ANNAPOLIS, Md. – When Marines next storm a beach in wartime, they likely will be preceded by robots of all sorts, including autonomous or semi-autonomous high-speed amphibious vehicles, according to a senior Marine Corps official.

Robotics and autonomy may even be the answer to the Marine Corps’ lengthy but fruitless search for an amphibious vehicle that can zip from ship to shore fast enough to evade enemy guided munitions, said Bill Williford, executive director of Marine Corps Systems Command.

Finding a replacement for older amphibious dock transport ships such as the USS Harpers Ferry (LSD-49), above, is among the issues the Marine Corps, Navy and industry are working through right now regarding the amphibious ship fleet. Photo courtesy U.S. Marine Corps.
Finding a replacement for older amphibious dock transport ships such as the USS Harpers Ferry (LSD-49), above, is among the issues the Marine Corps, Navy and industry are working through right now regarding the amphibious ship fleet. Photo courtesy U.S. Marine Corps.

“In an amphibious assault today, it may be better to utilize an unmanned capability as the initial assault and then follow that with manned capabilities,” Williford said Oct. 26 at the National Defense Industrial Association’s annual Expeditionary Warfare Conference in Annapolis, Md. “There are a lot of technologies and issues we’re looking at – and concepts – to make that a reality.”

A tracked amphibious vehicle with a water speed of better than 7 knots – ideally much faster than 7 knots – has been the object of the Marine Corps’ desire for years. But the requirement proved fatal for the Expeditionary Fighting Vehicle (EFV), which was canceled in 2011 when the service realized achieving its capacity and speed objectives would be prohibitively expensive if possible at all.

Lt. Gen. Brian Beaudreault, deputy commandant for Plans, Policies and Operations, articulated the need for a fast ship-to-shore connector at the same event just hours before Williford took the stage.

“We must find a high water-speed vehicle on the surface,” Beaudreault said. “We must do that with the AAV. They’re old.

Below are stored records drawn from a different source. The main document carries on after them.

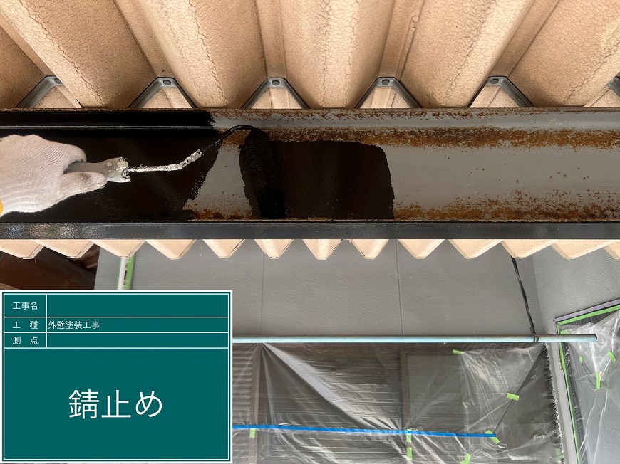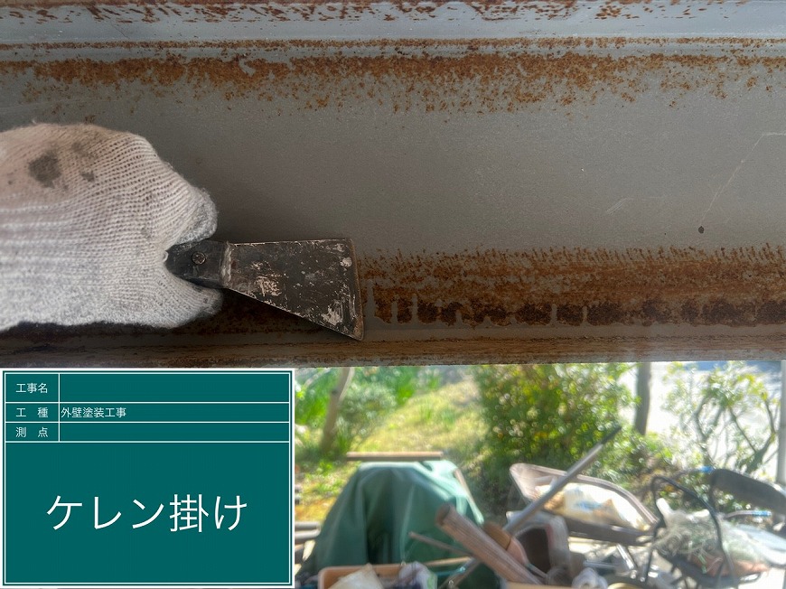高圧洗浄をしたあと、ケレン作業を行いました。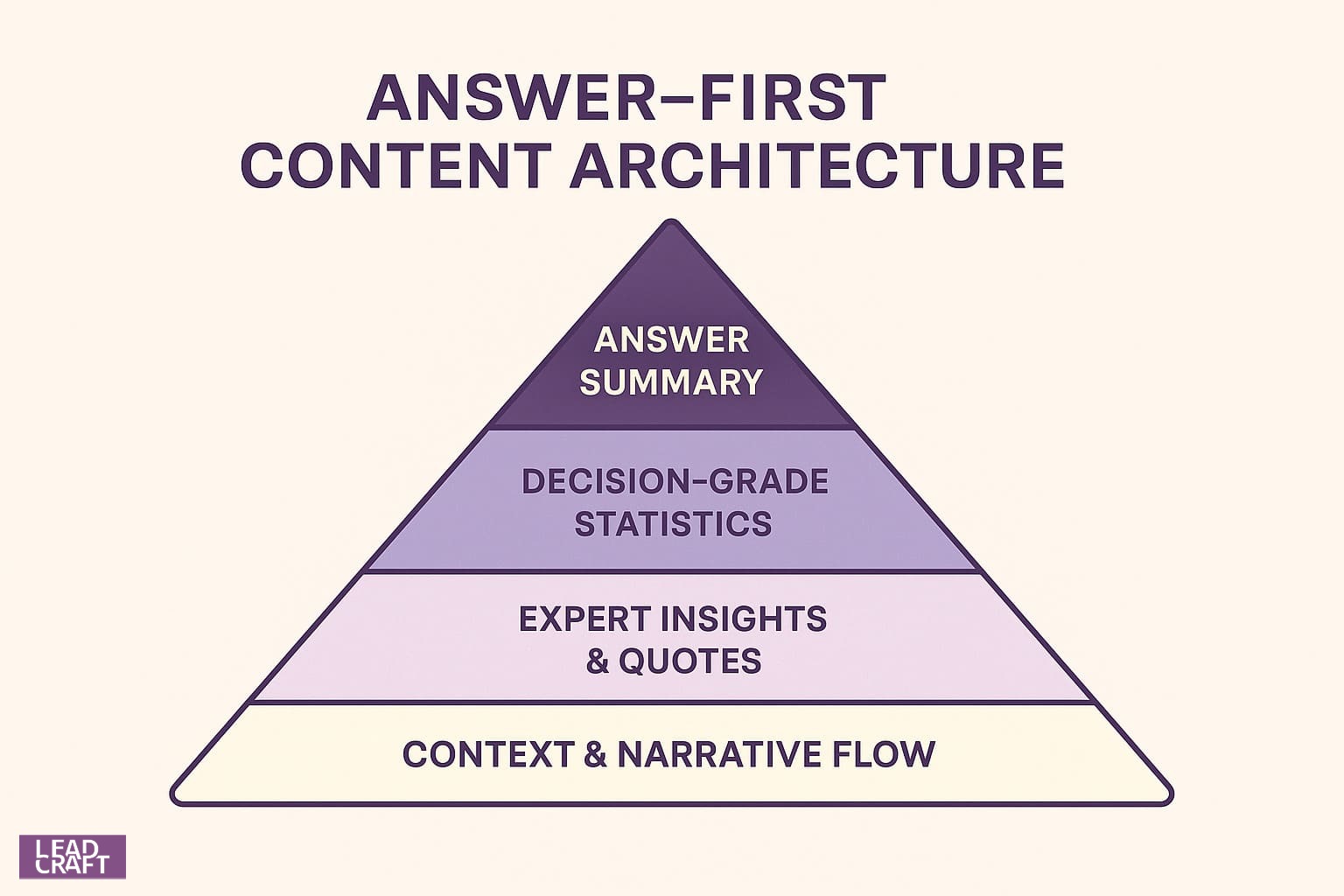 Companies excel in AI citation competitions when their content architecture prioritizes answer-first design. Every content piece should be created based on entity research and contain extractable definitions, decision-grade statistics, and quotable expert insights that function independently of surrounding context. This approach recognizes that AI systems often extract snippets without broader article context.
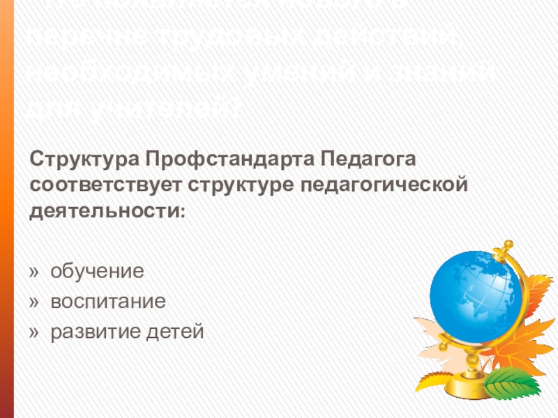 Структура Профстандарта Педагога соответствует структуре педагогической деятельности: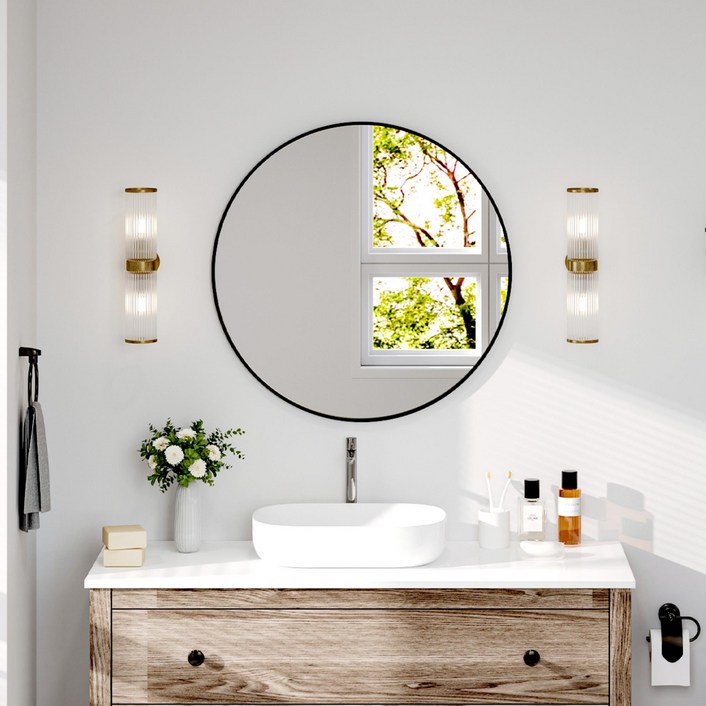USHOWER 블랙 원형 욕실 거울 61cm 벽걸이 화장대 메탈 프레임 모던 인테리어

We’ve got to replace them. In the meantime, we need work done. We have to find a solution on getting Marines ashore from over the horizon at something greater than seven knots.”

The AAV is the Marines’ Assault Amphibious Vehicle. 

After the cancellation of EFV, the Marine Corps eventually settled on an 80-percent solution in the ACV 1.1 program, which is in competitive prototyping. That effort will deliver an 8×8 armored personnel carrier with limited swim capability to replace a portion of the aging AAV fleet. Subsequent variants AAV 1.2 and 2.0 should introduce capability upgrades like higher water speed and a tracked configuration.

“Right now we are focused on ACV and that capability,” Williford said. “Some of the technologies that we have for the future have that high-water speed capability, but it may not be a manned system. So we are looking at all technologies out there on the unmanned side.”

BAE Systems and Science Applications International Corp. [SAIC] are in a competition to supply the Marines with the Amphibious Combat Vehicle, or ACV.